- **Task goal**
Write out the listing exactly, from its first line through the line holding "聯合開展氣體分析培訓簡訊", but include none of the pictures.

- **Input data**
....
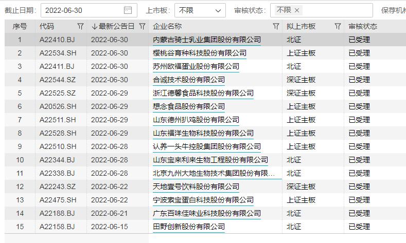 此外,已受理的食品行业IPO公司,前半年一共有15家,而这15家全部是在6月受理。从上市板块看,拟在北证、上证主板和深证主板上市的分别是6家、6家、3家,分别占比为40%、40%、20%。
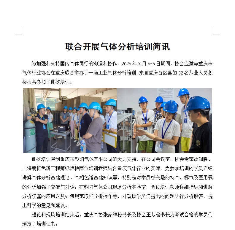 聯合開展氣體分析培訓簡訊
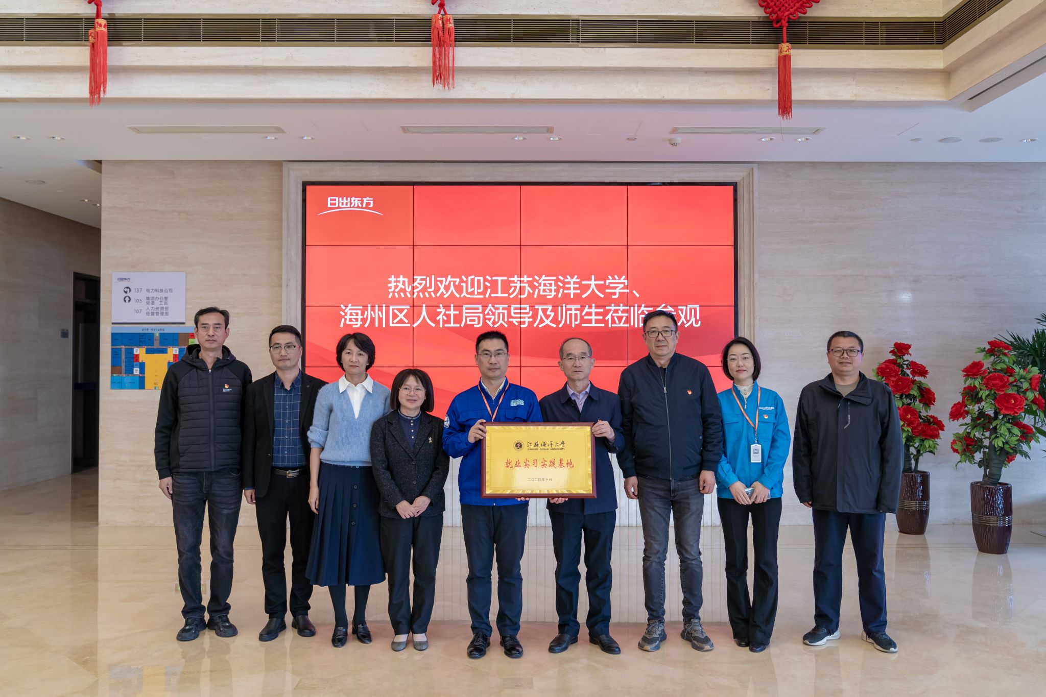 为深入贯彻落实党的二十届三中全会精神,以务实举措扎实推进学生高质量就业,10月25日下午,机关招就处党支部、海洋食品与生物工程学院本科生党支部组织35名学生代表赴日出东方、鹰游纺机、小瓜科技等3家海州区代表性企业参访交流,联合开展“贯彻落实党的二十届三中全会精神,访企拓岗架桥梁,精准对接促就业”主题党日活动。海州区人社局党组书记、局长董志红、机关招就处党支部书记马恒通、海洋食品与生物工程学院党委副书记郭利、招生与就业处副处长骆海宏以及支部党员参加本次活动。通过这次行动,进一步深化了校政企合作,有效汇聚了社会各方资源,拓展了优质就业实习实践基地,促进了人才供需的精准对接。
....
- **Answer area**
 此外,已受理的食品行业IPO公司,前半年一共有15家,而这15家全部是在6月受理。从上市板块看,拟在北证、上证主板和深证主板上市的分别是6家、6家、3家,分别占比为40%、40%、20%。
 聯合開展氣體分析培訓簡訊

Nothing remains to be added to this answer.